== WHAT THE TASK REQUIRES ==
Every line below between the line holding "Methods: Experiments were" and the line holding "作为干散货大港,这里有大量煤", inclusive, should be repeated exactly, and all other lines omitted.

** ENTRIES SHOWN follows **

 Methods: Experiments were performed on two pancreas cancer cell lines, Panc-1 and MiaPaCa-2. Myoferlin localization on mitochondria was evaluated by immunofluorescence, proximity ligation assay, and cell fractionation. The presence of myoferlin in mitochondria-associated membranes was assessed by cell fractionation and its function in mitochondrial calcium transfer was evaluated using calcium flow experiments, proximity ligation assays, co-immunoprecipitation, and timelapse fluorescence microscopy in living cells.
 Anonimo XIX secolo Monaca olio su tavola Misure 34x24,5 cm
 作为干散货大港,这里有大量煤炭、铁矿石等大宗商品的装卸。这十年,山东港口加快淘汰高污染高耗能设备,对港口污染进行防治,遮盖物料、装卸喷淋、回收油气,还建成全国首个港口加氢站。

** End of ENTRIES SHOWN **
** ENTRIES SHOWN follows **

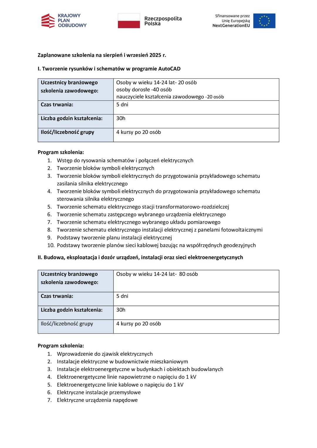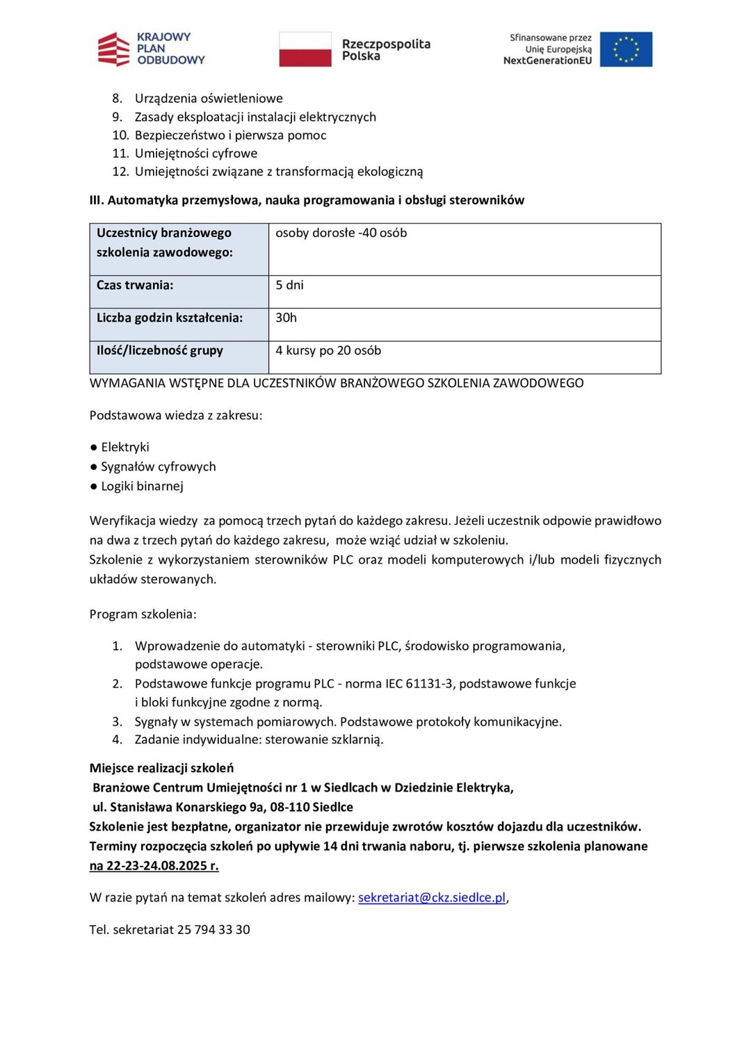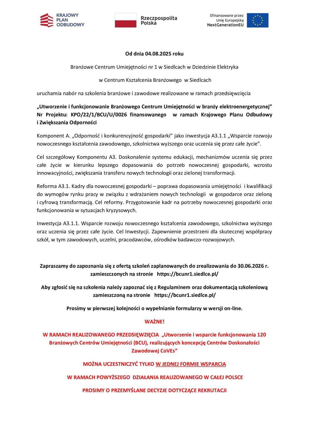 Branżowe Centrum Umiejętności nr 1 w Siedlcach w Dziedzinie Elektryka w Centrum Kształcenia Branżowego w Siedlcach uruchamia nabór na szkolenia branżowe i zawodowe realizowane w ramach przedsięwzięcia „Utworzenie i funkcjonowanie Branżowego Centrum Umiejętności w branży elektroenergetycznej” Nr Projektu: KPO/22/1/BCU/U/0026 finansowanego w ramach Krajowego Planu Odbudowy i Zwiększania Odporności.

** End of ENTRIES SHOWN **

== SOLUTION TO THE PROBLEM ==
 Methods: Experiments were performed on two pancreas cancer cell lines, Panc-1 and MiaPaCa-2. Myoferlin localization on mitochondria was evaluated by immunofluorescence, proximity ligation assay, and cell fractionation. The presence of myoferlin in mitochondria-associated membranes was assessed by cell fractionation and its function in mitochondrial calcium transfer was evaluated using calcium flow experiments, proximity ligation assays, co-immunoprecipitation, and timelapse fluorescence microscopy in living cells.
 Anonimo XIX secolo Monaca olio su tavola Misure 34x24,5 cm
 作为干散货大港,这里有大量煤炭、铁矿石等大宗商品的装卸。这十年,山东港口加快淘汰高污染高耗能设备,对港口污染进行防治,遮盖物料、装卸喷淋、回收油气,还建成全国首个港口加氢站。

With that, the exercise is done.